The United Nations (UN) has created a new advisory body for artificial intelligence (AI), with the task of harnessing the technology for the common good while staving off bad actors.
AI wields enormous powers that could play a key role in achieving global sustainable goals, UN Secretary-General Antonio Guterres remarked during the official unveiling of the advisory body. However, if not properly managed, the technology may pose the same risks as nuclear warheads to international security.
“The transformative potential of AI for good is difficult even to grasp,” said Guterres. “It could supercharge climate action and efforts to achieve the 17 Sustainable Development Goals (SDGs) by 2030.”
The newly minted advisory body will spearhead the UN’s effort to integrate AI technologies to achieve its lofty ideals. Apart from use cases in the fight against climate change, the body will explore the use of AI by emerging economies to “leapfrog outdated technologies” in a rapidly changing world.
The advisory body, comprising experts in law, technology, and ethics drawn from 39 member states, is described by the UN as “gender-balanced, geographically diverse, and multigenerational.”
At the end of each year, the body will submit recommendations on the international governance of AI to mitigate risks and to identify opportunities to “leverage AI to accelerate SDGs.”
“This is the first step in that direction, and we hope to have more of this next year,” said Amandeep Singh Gill, the Secretary-General’s Envoy on Technology. “There’s an opportunity with the Global Digital Compact to embed this into more of a sustainable long-term perspective so that we are not caught napping by rapid-pace technology developments.”
For all its potential benefits, the UN is acutely aware of the dangers associated with the rogue use of AI. Guterres disclosed that bad actors could use AI to spread misinformation, invade users’ privacy, perpetuate fraud, and entrench bias and discrimination.
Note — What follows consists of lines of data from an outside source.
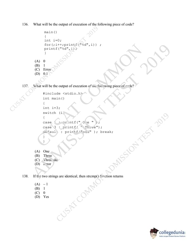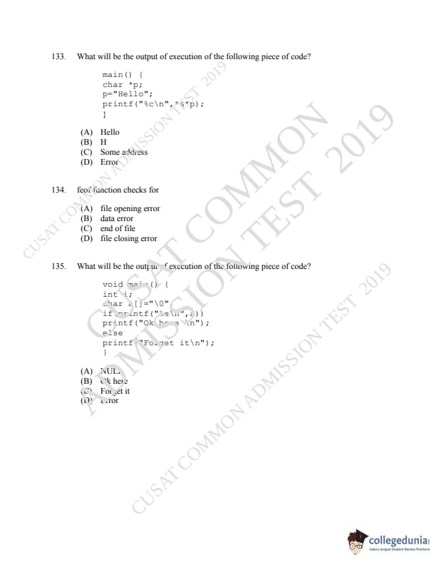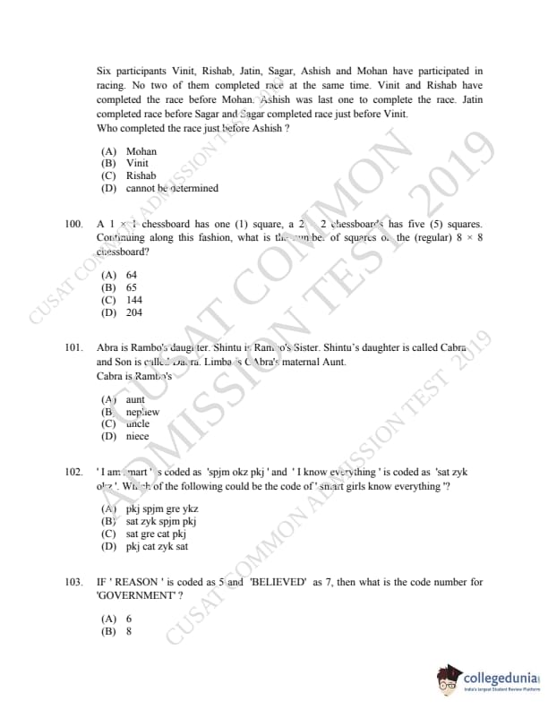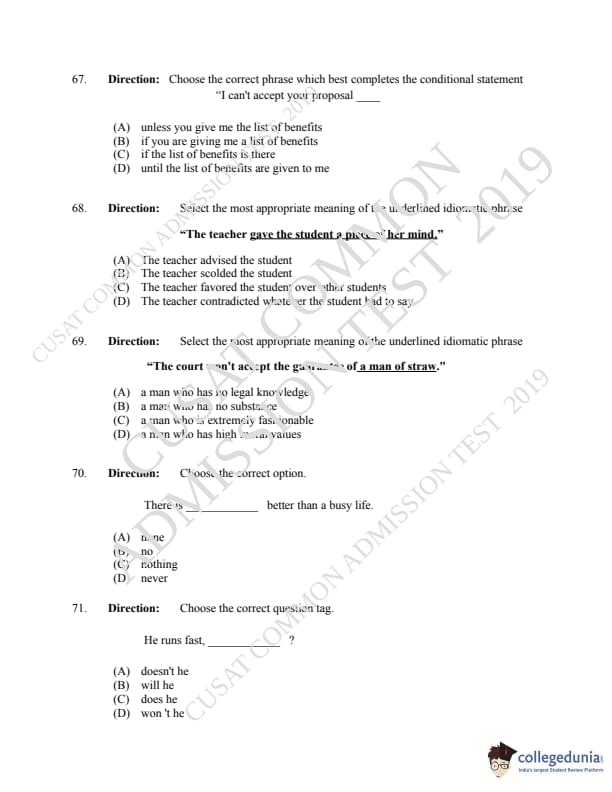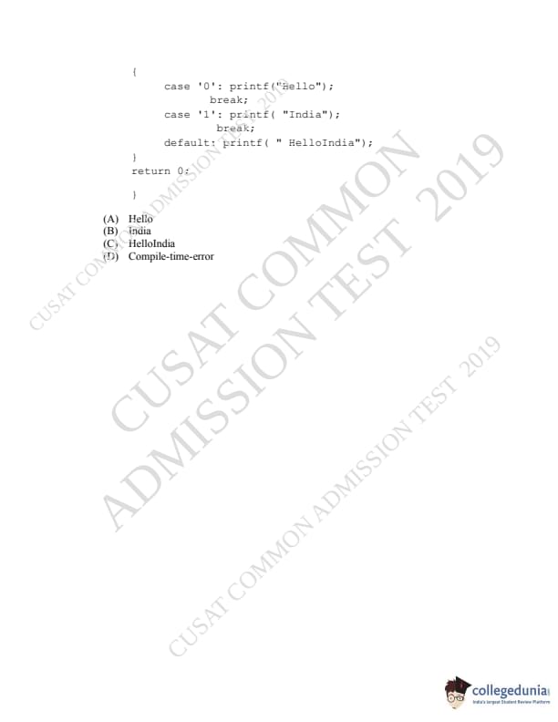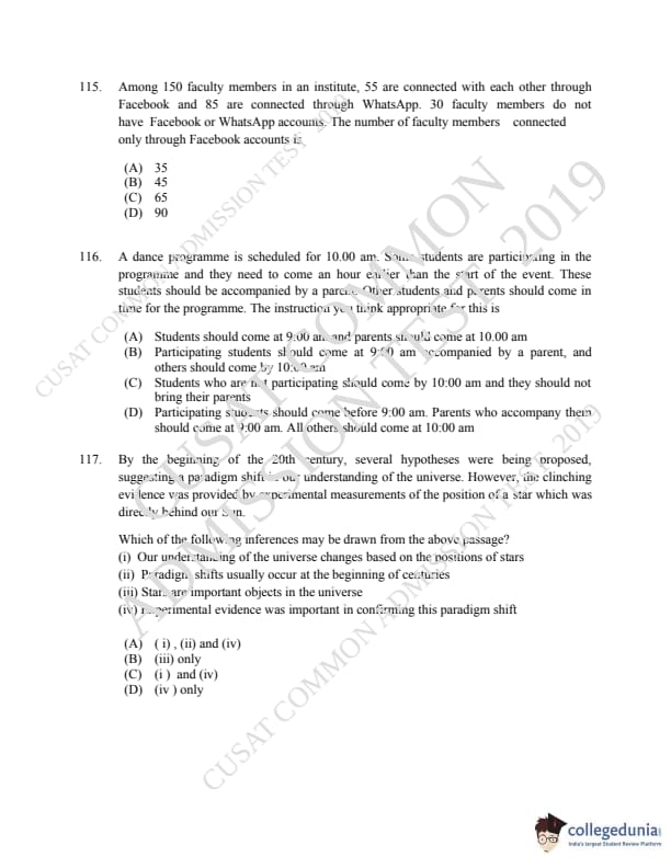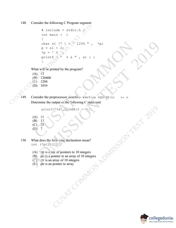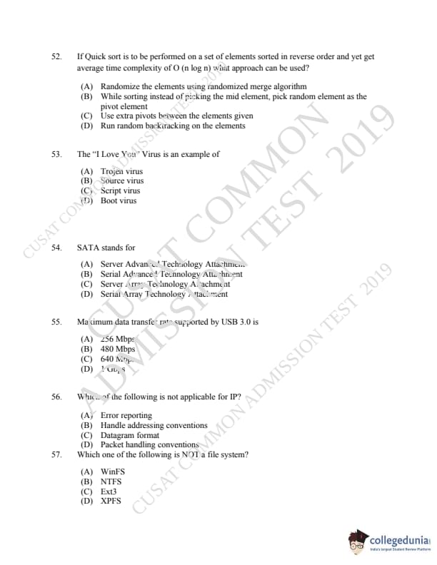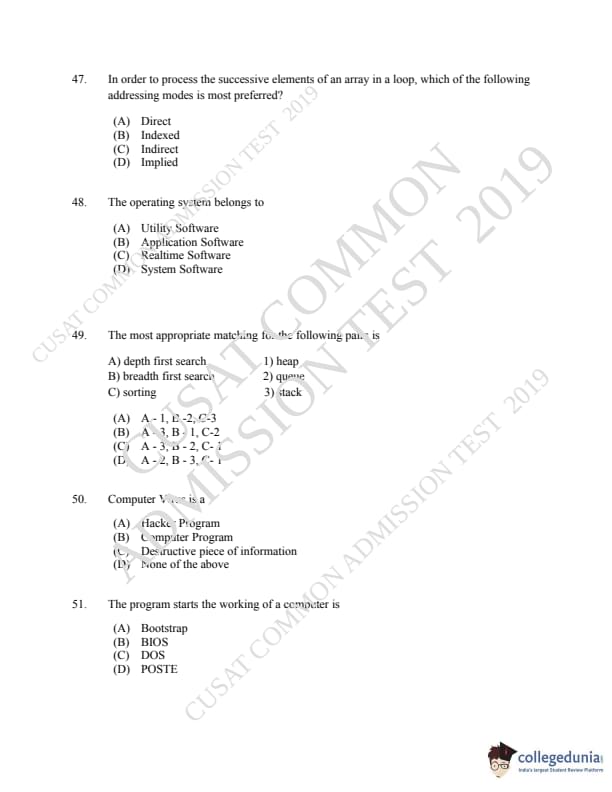 CUSAT CAT 2019 MVOC Mobile Phone Application Development Question paper with answer key pdf is available for download. The exam was successfully organized by Cochin University of Science & Technology. The question paper comprised a total of 150 questions.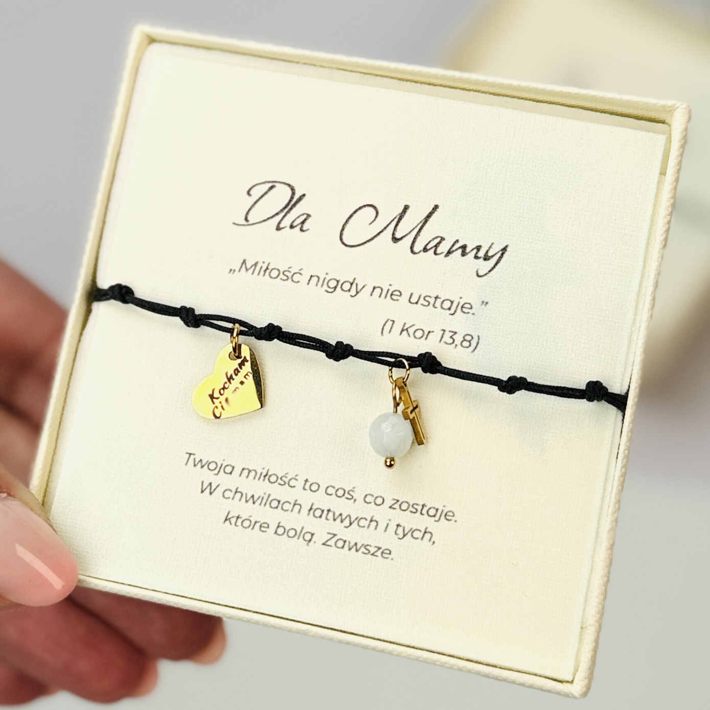 Otrzymasz je w eleganckim pudełeczku z personalizowaną kartką i cytatem biblijnym. Całość zapakowana z troską o każdy szczegół. Możesz także dokupić ozdobną torebkę prezentową za jedyne 5 zł.
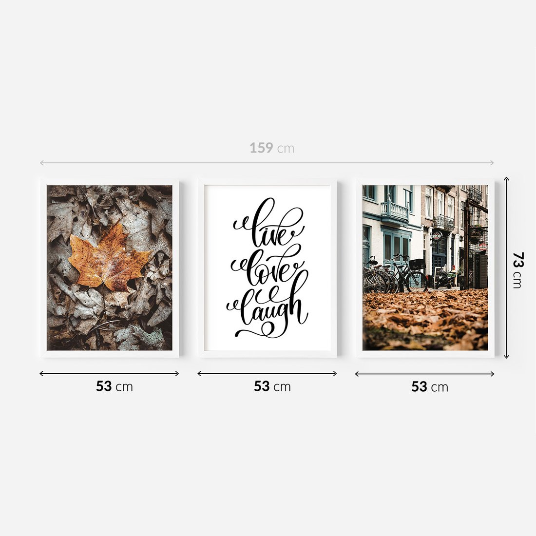 Zestaw obrazy w ramie 50x70 galeria - Jesień, rower, typografia, napis - rama biała
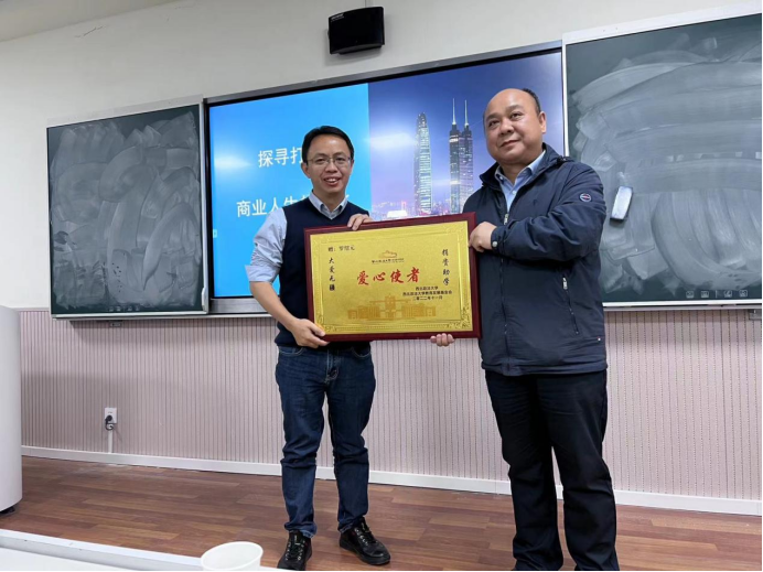 罗绍元从“我是谁?”、“怎么更好地度过一生?”、“为什么要从商?”和“怎么从商?”四个方面与同学们进行交流分享。他首先回顾了个人的成长经历和创业历程,从小镇青年到如今的跨国公司总经理,依靠的是一以贯之的坚持、不愿懈怠的奋进和风口掘金的把握。他着重强调应持续学习,多借鉴多思考。充满磨难的少年时期和求学生活让他对行动和机遇有格外深刻的理解。他认为最好的时机永远在当下,哪怕从零开始,不断积累,终会有触及门槛的一天。

The UN Chief pointed to the concentration of AI technology in the hands of a few companies, laying the foundations for wider global inequalities.
A history of using innovative technologies
The UN has a long history of incorporating innovative technologies into its operations, with the World Food Programme (WFP) using blockchain technology to streamline its humanitarian services.
Houman Haddad, WFP’s Head of Innovative Technologies, disclosed in a CoinGeek interview that the agency has relied on Building Blocks, a blockchain allowing the WFP to authenticate every step of the aid process without violating the refugees’ privacy.
“By putting the people we serve at the very center, gaining a common visibility on who’s assisting whom, we can coordinate that assistance to ensure more equitable outcomes and make the redemption process simpler for the people dependent on that assistance,” said Haddad.